No image is to be carried over; reproduce the rest of the listing word for word.

◆ Data:
BEGIN

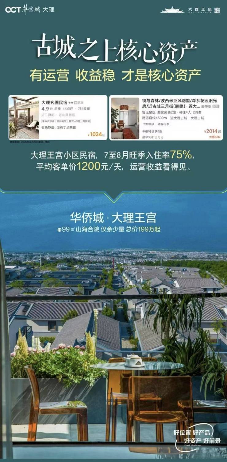 华侨城·大理王宫,建面约99㎡山海合院,仅余少量,总价约199万起!关注华侨城·大理王宫的朋友可前往售楼处现场看房,咨询房源信息请拨打电话4001560036 转 418223!
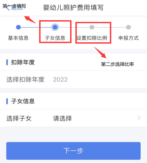 4.按APP步骤核对申报人信息、添加婴幼儿子女信息,选择夫妻双方扣缴比率
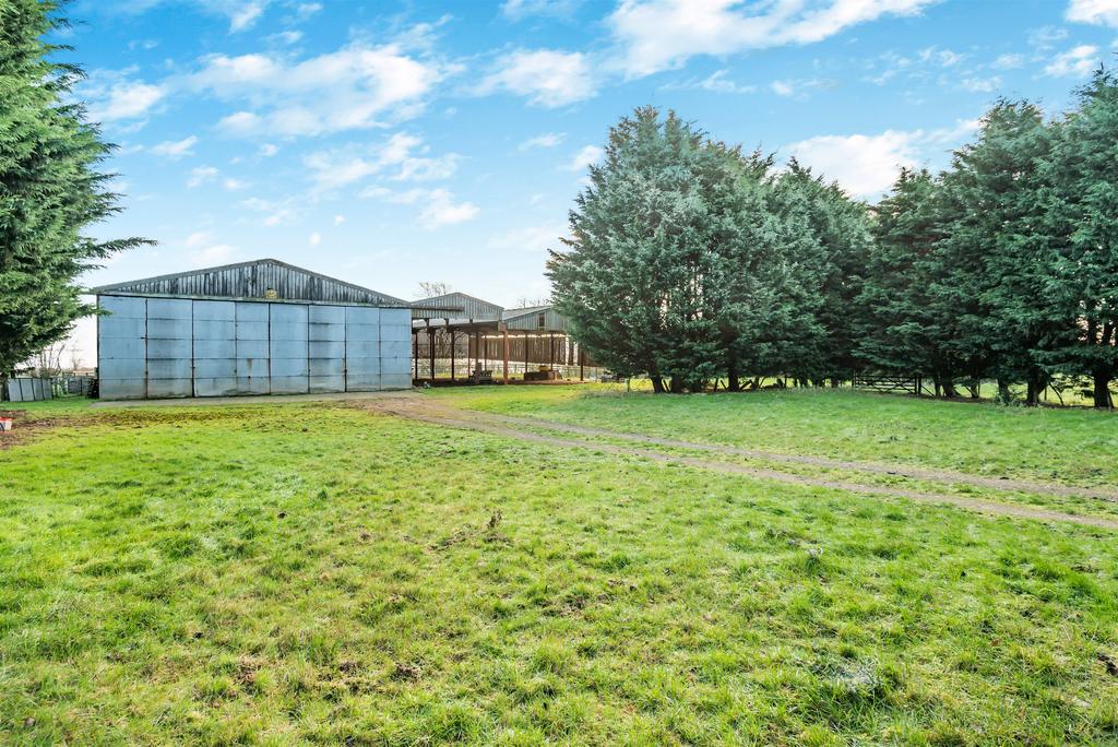 Outside - The property currently has access via a picturesque country lane, leading through an open field down to the barn building. This peaceful, rural atmosphere sets the tone for a retreat, complete with a sweeping track down to the property's distinctive steel frame barn.

END

◆ Your solution:
 华侨城·大理王宫,建面约99㎡山海合院,仅余少量,总价约199万起!关注华侨城·大理王宫的朋友可前往售楼处现场看房,咨询房源信息请拨打电话4001560036 转 418223!
 4.按APP步骤核对申报人信息、添加婴幼儿子女信息,选择夫妻双方扣缴比率
 Outside - The property currently has access via a picturesque country lane, leading through an open field down to the barn building. This peaceful, rural atmosphere sets the tone for a retreat, complete with a sweeping track down to the property's distinctive steel frame barn.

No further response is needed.